Un modello da riconvertire
L'e-commerce delle polizze in Italia è attuato ormai da
diversi anni ma da poche compagnie. Alcune di queste hanno creato delle società
separate dedicate esclusivamente alla vendita attraverso i canali telematici e
telefonici; tuttavia, la maggior parte delle compagnie non consente l'acquisto
online. Emerge l'esigenza di proteggere la rete di agenzie presenti sul
territorio e quando si abbraccia il canale elettronico si preferisce cominciare
da zero con dei soggetti “pureinternet” piuttosto che ristrutturare la rete.
Secondo i dati rilasciati dall'Isvap (Istituto per la vigilanza sulle
assicurazioni private e di interesse
collettivo), in Italia l'85% delle polizze del ramo danni e il 90% delle Rc
auto sono gestite da agenti monomandatari. Questo è un freno all'evoluzione di
un mercato che ha delle potenzialità elevate essendo il quarto in Europa per
dimensioni e vale solo nel ramo danni oltre il 10% del totale pari a 18,8
miliardi di euro. Sempre secondo l'Isvap l'incremento a valore del 2007
rispetto al 2006 è stato dell'1,6%. In Italia sono presenti circa 240 compagnie
e il valore dei premi può oscillare anche del 50% a parità di profilo. Questo
significa che le potenzialità di saving per i consumatori sono sostanziali ma
il più delle volte manca l'elemento abilitante per raggiungere l'offerta
migliore.
Broker online
Secondo i dati Ania (Associazione nazionale tre le imprese
assicuratrici) il mercato italiano delle compagnie telefoniche e telematiche
vale circa un miliardo di euro e copre quasi esclusivamente le polizze Rc auto e
moto. Un mercato in crescita che vedrà in futuro l'ingresso di altri operatori.

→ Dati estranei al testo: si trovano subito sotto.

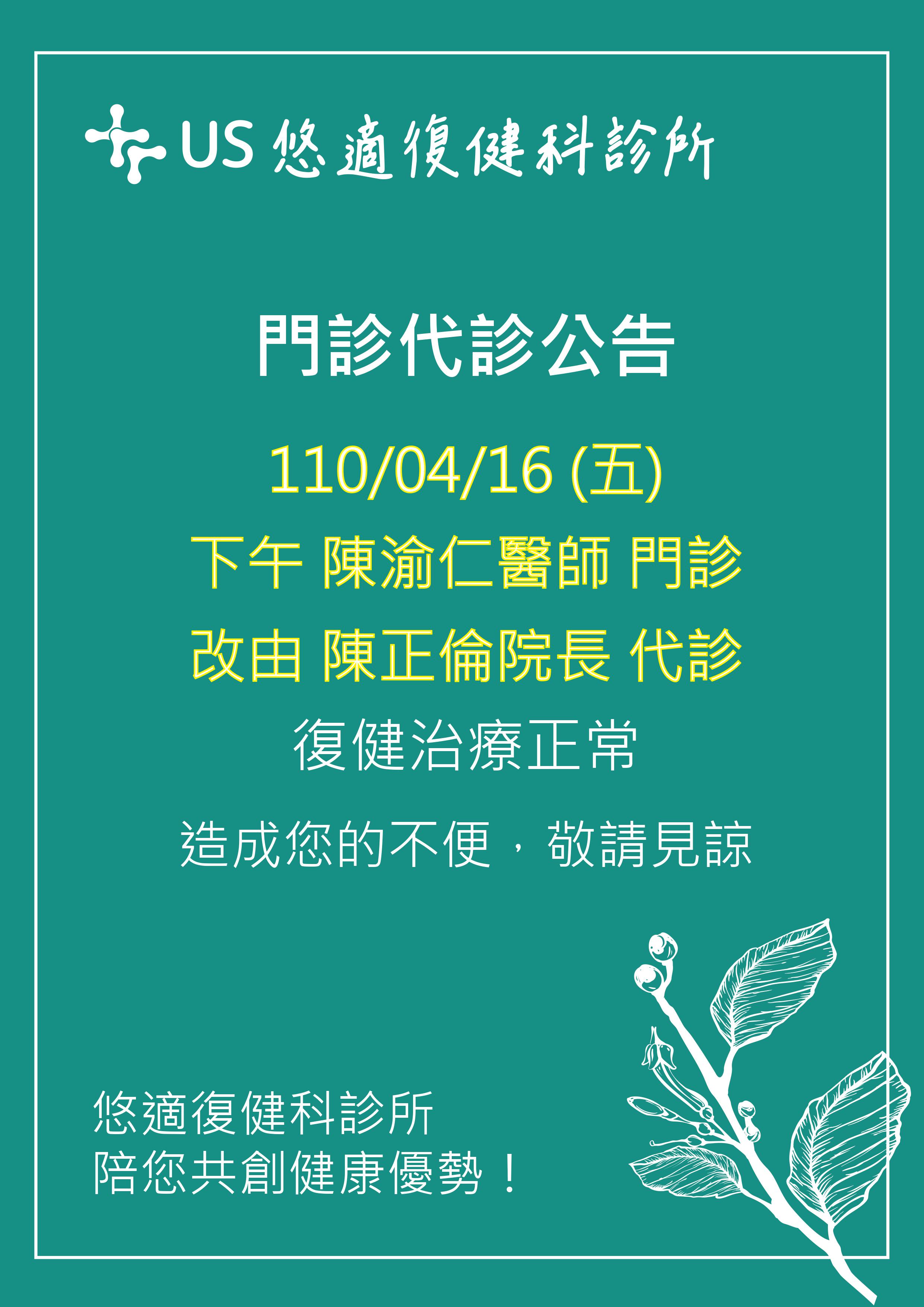 4/16(五)門診代診公告 4 月 14, 2021/在: news /通過: uscare 【#悠適復健|門診代診公告】 110/04/16 (五) 下午 #陳渝仁醫師 門診 改由 #陳正倫院長 代診 復健治療正常 造成您的不便 敬請見諒 ——————————————— #悠適復健科診所 #悠適陪您共創健康優勢 02-27493088 台北市松山區光復北路11巷65號 https://www.uscare.com.tw/ 全新Line官方帳號與功能 | 透過Line 選單預約門診 https://lin.ee/l13YNsF https://www.uscare.com.tw/wp-content/uploads/2021/04/0001-13.jpg 3508 2481 uscare /wp-content/uploads/2018/11/資產-2@3x.png uscare2021-04-14 09:26:582021-06-16 10:27:044/16(五)門診代診公告
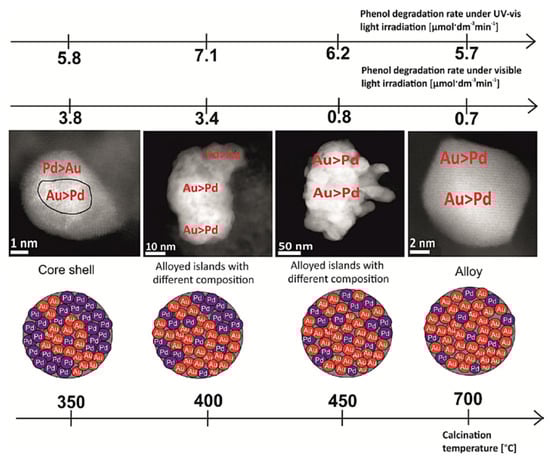 - Cybula, A.; Priebe, J.B.; Pohl, M.-M.; Sobczak, J.W.; Schneider, M.; Zielińska-Jurek, A.; Brückner, A.; Zaleska, A. The effect of calcination temperature on structure and photocatalyticproperties of Au/Pd nanoparticles supported on TiO2. Appl. Catal. B Environ. 2014, 152–153, 202–211. [Google Scholar] [CrossRef]
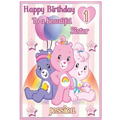 Personalised Care Bears Inspired Birthday Card (Balloons Design) Gorgeous !
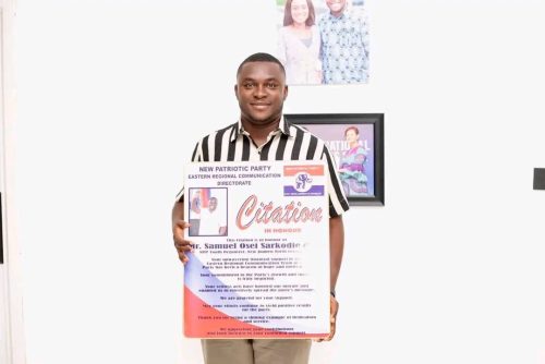 The Eastern Regional Communication Directorate of the New Patriotic Party (NPP) has honoured the New Juaben North Constituency Youth Organizer, Mr. Samuel Osei Sarkodie, for his exceptional dedication and financial support to the party.
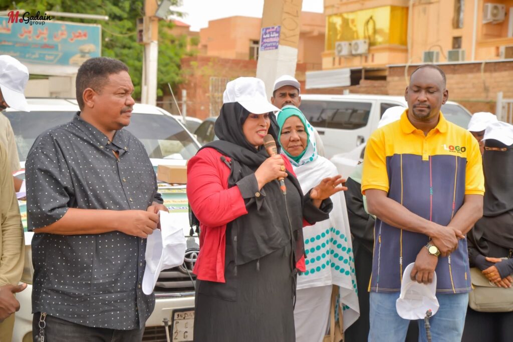 وتشير إلى أن العمل شمل بناء مدرسة للمرحلة المتوسطة بشرق النيل، تحديدًا في قرية الشريق، إلى جانب تنفيذ مشروعات للطاقة الشمسية، وحفر آبار، وتوفير مبردات حرارية للمدارس. وتضيف أن المبادرات امتدت كذلك إلى إسناد القوات المسلحة في الخطوط الأمامية، والعمل في مجالات العلاج والإطعام والسقاية، فضلًا عن تنظيم بازارات خيرية للأرامل والأسر المنتجة، أسفرت عن توزيع مئة مشروع إنتاجي لمئة أرملة.
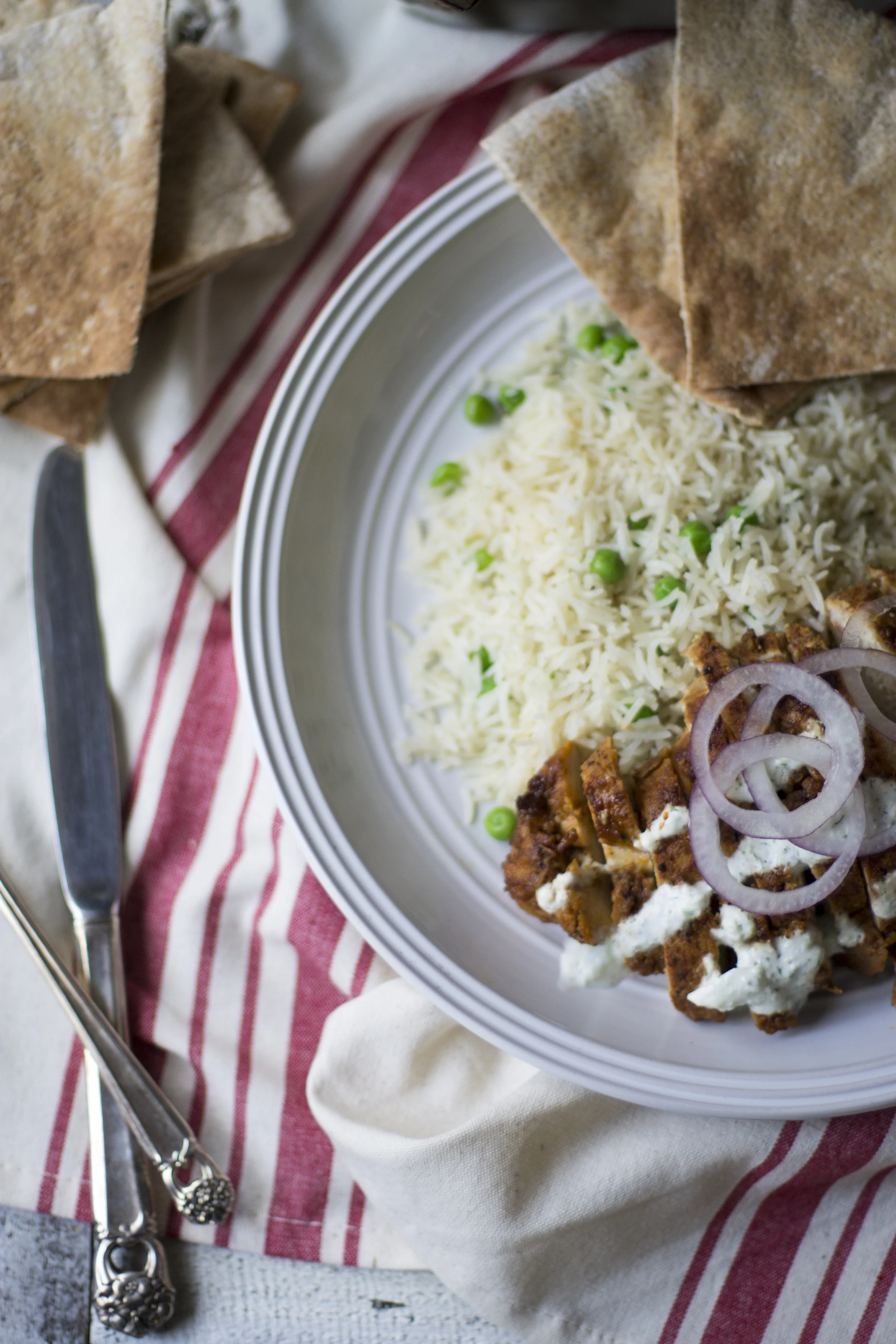 With all of the traveling that I have been doing over the past six weeks, I feel like I have not been eating the best for my body and this week I am back to cooking every night, even if I still plan on sneaking a cookie or two here and there...because it's December and you can't not eat cookies. And first up on the menu is this chicken schwarma over Greek rice. You gotta make it!
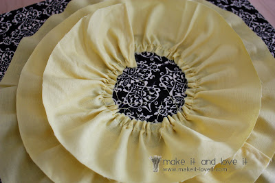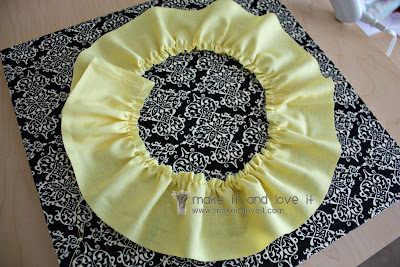 Then I made a basting stitch along one edge, about 1/4 inch away from the edge, to begin gathering the fabric. (Need help with gathering? Click
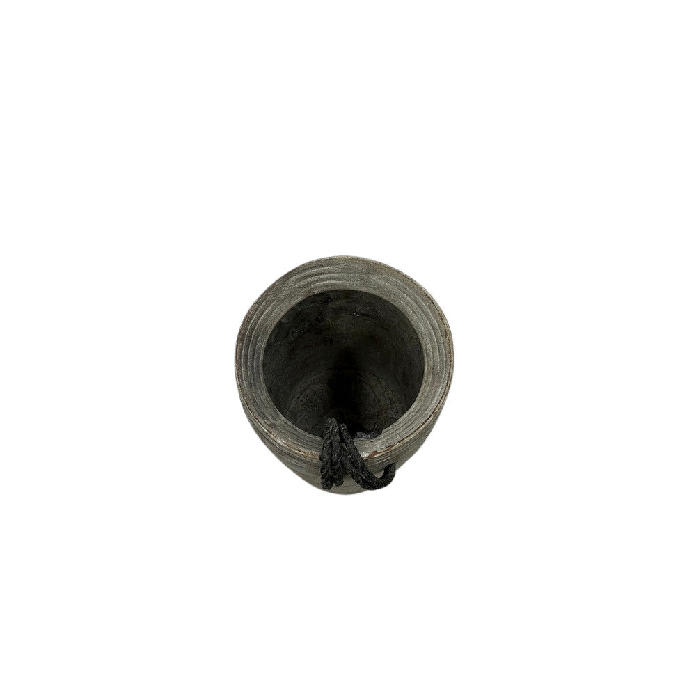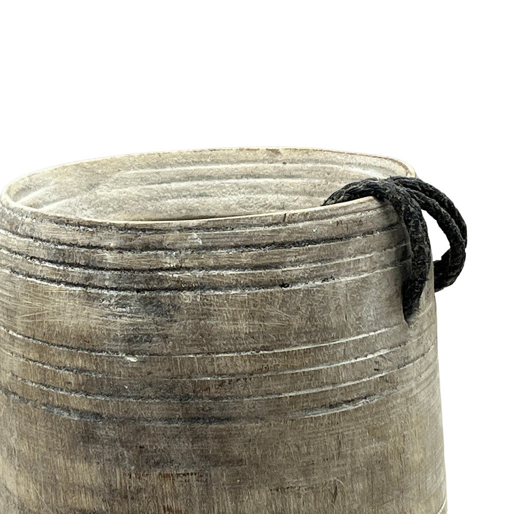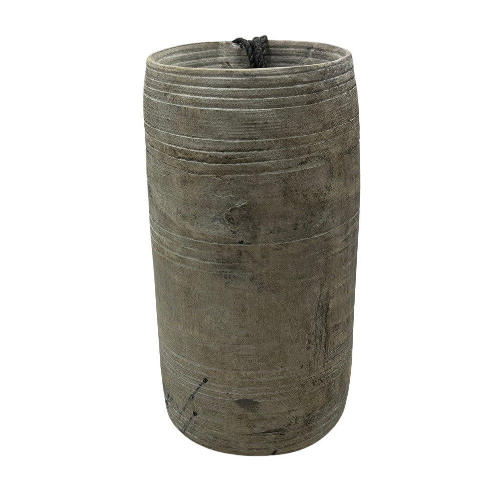 These vintage wood pots from India are truly special and when one considers they were carved from a single piece of wood many years ago, it makes them all the more special. It features a charming weathered rope detail that serves as a handle. The narrow top is specifically made to serve its purpose for storage of butter and milk. Great look for a farmhouse environment or with some decorative reeds, these add the right amount of texture to your space.
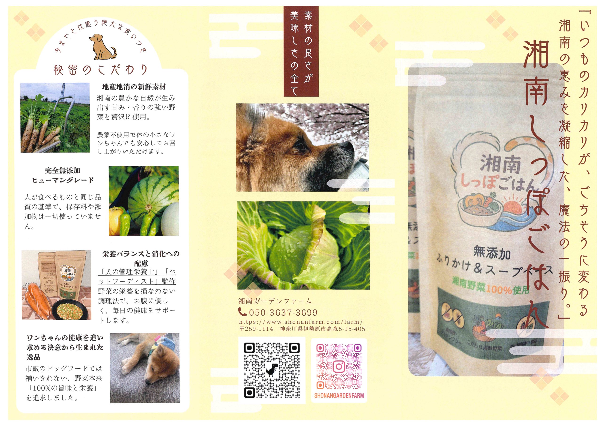 シリウスに野菜を提供して頂いている伊勢原の齋藤農園代表の齋藤治篤さんが新事業を立ち上げ頑張っています、まだ食べられるけど捨てなければならない状況で、もったいないから生まれました、興味のある方は、是非大事なワンニャンさんにお試しください、連絡先はパンフレット参照下さい

Tra questi nuovi soggetti vi è First Europa, un broker assicurativo
indipendente che opera in Germania, Paesi Bassi, Francia e Spagna, entrato in
Italia dal 2008. Il modello di business online replica quello dei broker
tradizionali: dal sito è possibile ottenere gratuitamente la comparazione delle
polizze omologhe delle più importanti
compagnie assicurative acquistabili senza alcun ricarico. I vantaggi promessi
non sono esclusivamente correlati al risparmio ma comprendono la rapidità e
l'accessibilità universale tipica di internet, la disponibilità di esperti
consultabili anche telefonicamente e il raffronto comparato delle
caratteristiche e delle clausole. Secondo un'indagine di Astra Ricerche per
First Europe, su un panel di 500 navigatori di internet che hanno nell'ultimo
anno stipulato o rinnovato una polizza assicurativa con un qualsiasi canale ed
effettuato almeno un acquisto online emerge un marcato apprezzamento per il canale
elettronico. Per un mercato in crescita come quello delle assicurazioni online,
il banco di prova è comunque quello della gestione sinistri che deve rivelarsi
all'altezza delle aspettative.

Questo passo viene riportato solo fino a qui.